Distinguished scholar and emeritus professor of Latin American History, Richard E. Greenleaf, has given $500,000 to The Latin American Library at Tulane University. The Richard E. Greenleaf Fellowship will provide short-term visits each year for scholars from any country in Latin America to conduct research at The Latin American Library. In addition, the Richard E. Greenleaf Endowment Fund will support restoration or replacement of materials from The Latin American Library’s holdings damaged by natural disasters, now and in the future, with the remaining funds to be used for unrestricted library-related purposes at the discretion of the Director of The Latin American Library.
As the city of New Orleans and Tulane University recover from the largest natural disaster in U.S. history, the gift enhances The Latin American Library’s historically preeminent role in the acquisition and preservation of documentation from and about Latin America and making them accessible locally, nationally and to the international academic community.
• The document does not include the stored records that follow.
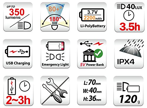 Visione in avanti di 80° estremamente ampia e ampia illuminazione laterale di 180° alimentata da un centro LED CREE XPG2 molto potente e 2 LED laterali con ottica delle lenti ottimizzata. 3 modalità di Luminosità: 300, 200 e 120 Lumen per rispettive 3, 4 e 7 ore
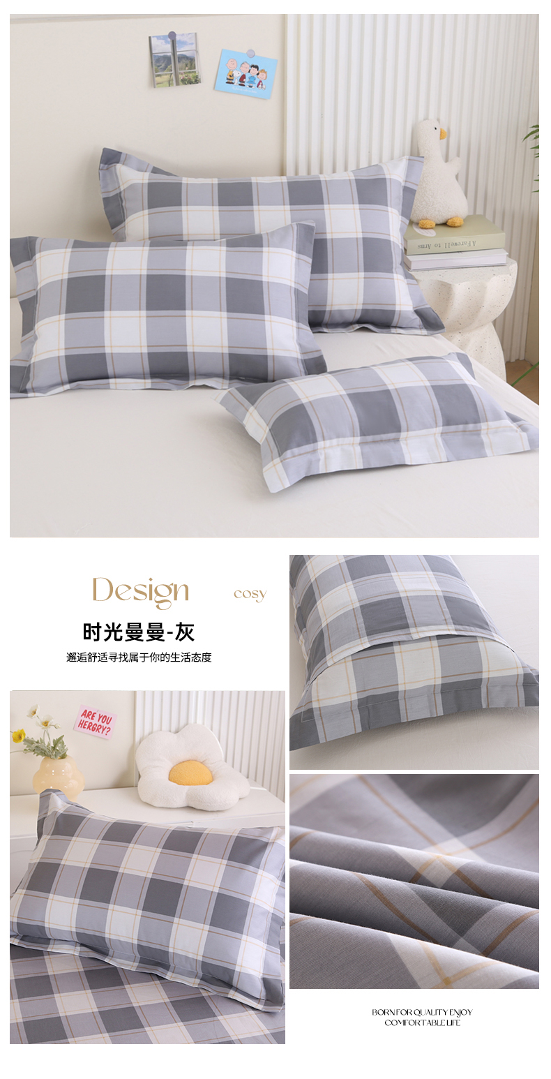 床上用品 > 枕套 > 凯森家纺 新款13372全棉枕套单人枕头套枕芯套儿童枕套30x50cm成人40x60cm48x74cm 时光慢慢-灰
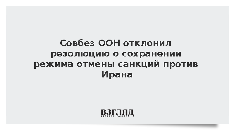 Совет Безопасности ООН отклонил проект резолюции о сохранении отмены санкций против Ирана, передает РИА «Новости».
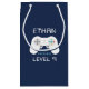 Diseñado para coincidir con nuestras invitaciones y accesorios de la fiesta de cumpleaños Level Up, esta bolsa de regalo con temática de gamer retro incluye un ilustracion de controlador de juegos en un fondo azul marino con "[Name] ha alcanzado el nivel [age]" en letras de estilo digital vintage.
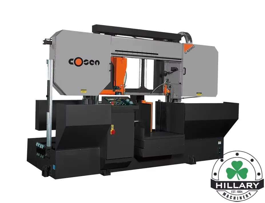 COSEN C-620NC, new automatic horizontal dual column band saw, offers 24.4" round and 24.4" x 30" rectangular cutting capacity, powered by 10 hp. Features a 283" blade, 0.063" thick, and 2" wide. Ideal for precise, high-capacity cuts.
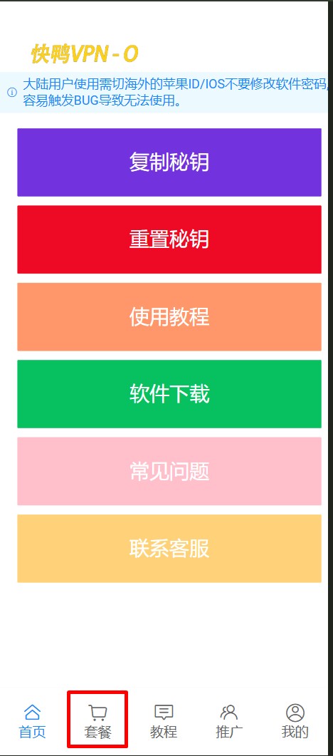 登录成功之后,会看到下图的界面,底部有个【套餐】的按钮,点击就可以购买会员了。
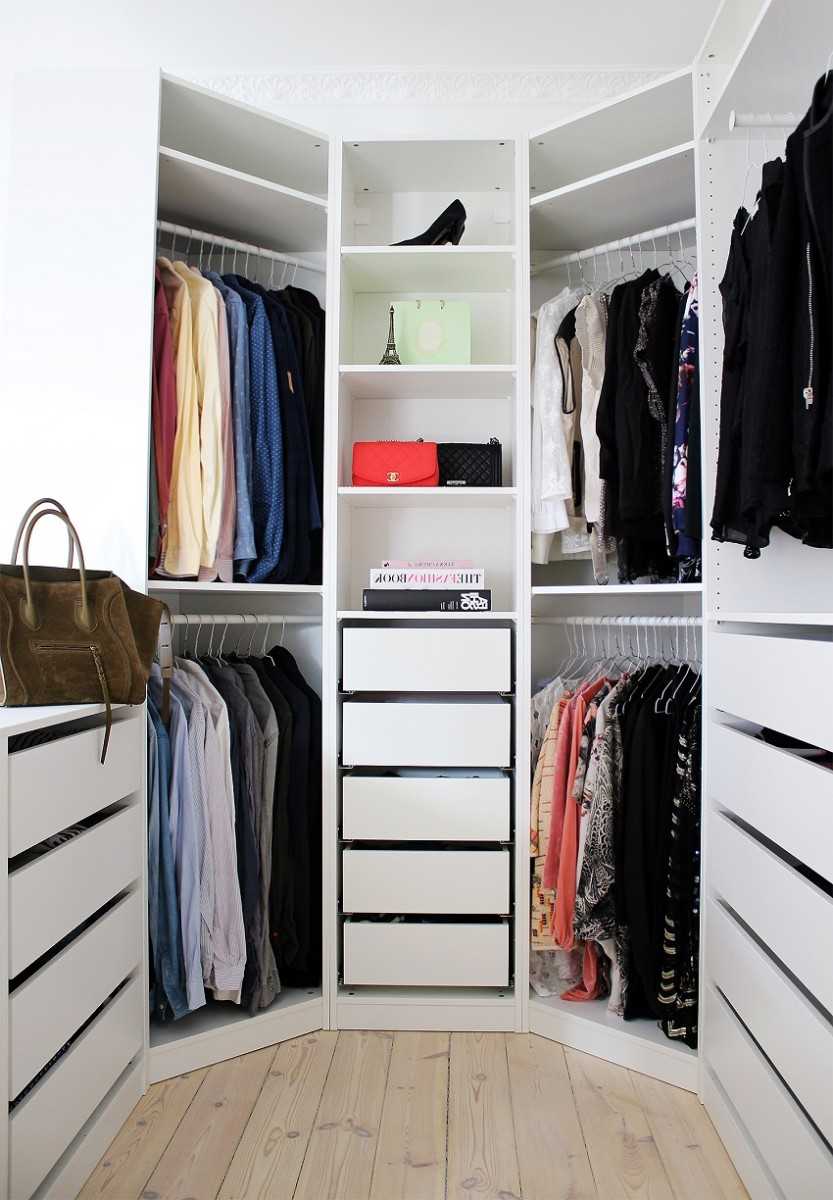 Для комфортного хранения вещей используют угловую гардеробную систему. Она должна включать достаточное количество стеллажей, выдвижных ящиков, штанг под плечики и трансформируемых вешалок.
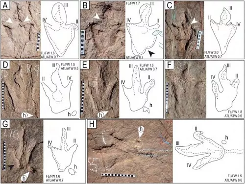ولا يقتصر الموقع على آثار الأقدام فقط، بل يحتوي على علامات مخالب، وخدوش أقدام، وآثار ذيل، تظهر كيف سبحت الديناصورات في الماء، إذ يتروح حجم آثار الأقدام بين أكثر من 30 سنتيمترا وأقل من 10 سنتيمترات، مع توجيه رئيسي للآثار يشير إلى حركة ذهاب وإياب على طول الشاطئ.
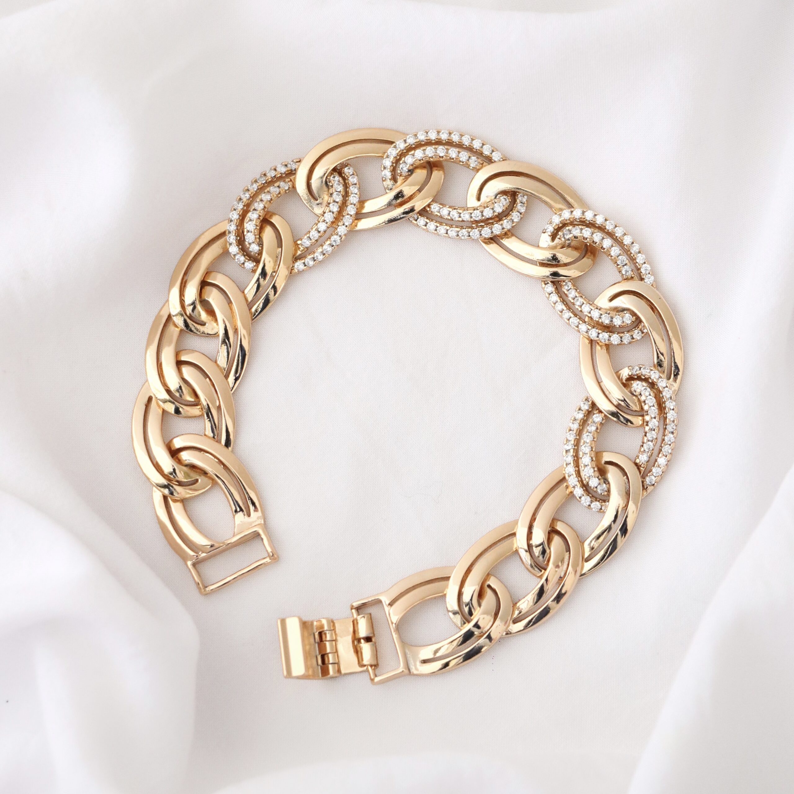 این دستبند از برند معروف ژوپینگ می باشد و سطح کار روکش طلا و آبکاری طلای قوی دارد. طول دستبند با قفل 19 سانتی متر است . برای ماندگاری بالاتر کارها لطفا مطابق کارتی که داخل بسته بندی ارسال میشود اقدام کنید. عکس این محصول بدون هیچگونه فیلتر میباشد و در نور طبیعی انجام شده است. آماده سازی و ارسال تمامی محصولات بعد از2 روز کاری بدون احتساب روز تعطیلی میباشد.
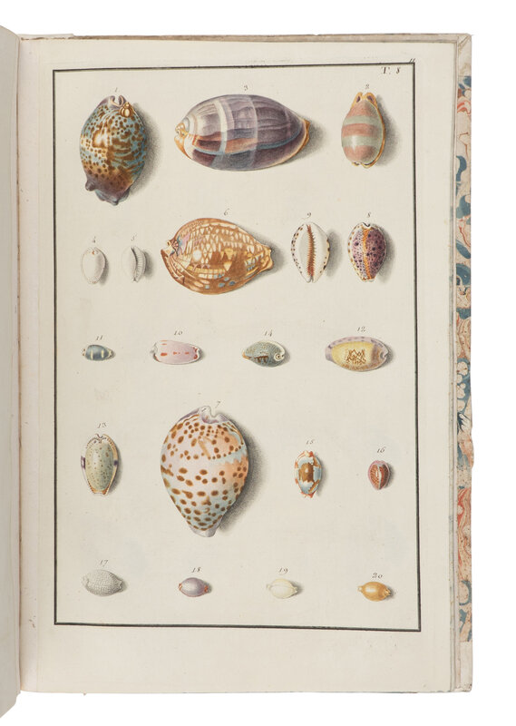 Folio (406 x 279 mm). Half-title, title-page with emblematic engraved vignette by C. Schütz, 4 headpieces and 8 tailpieces, 36 in-text illustrations of shells, all engraved by Schütz, C. Conti and others, 18 plates (17 fine hand-coloured engraved plates of shells by Schütz or J. Adam after Fr. Fuxeder and 1 plate [Plate 4] supplied in expert watercolour facsimile). Modern quarter velum, contemporary marbled boards, original lettering-piece preserved on the spine, marbled edges (light rubbing to boards).
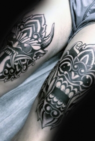 膝盖传统风格黑色点刺玫瑰纹身图案

The establishment of the Richard E. Greenleaf Fund and Fellowship continues this tradition by strengthening the ties between the library and the international scholarly community and ensuring the continuation of this legacy for future generations.

Until his retirement in 1998, Dr. Greenleaf served as the France Vinton Scholes Professor of Colonial Latin American History, and as the Director of the Center for Latin American Studies at Tulane University. He also served as Chair of the Department of History. Dr. Greenleaf grew up in Albuquerque, New Mexico, and took his Bachelors, Masters and Doctoral degrees at the University of New Mexico, where he studied under the dean of Inquisition scholars, France V. Scholes. Dr. Greenleaf's doctoral dissertation, "Zumárraga and the Mexican Inquisition 1536-1543," served as the basis for his many excellent publications on the history of the Holy Office of the Inquisition in Latin America.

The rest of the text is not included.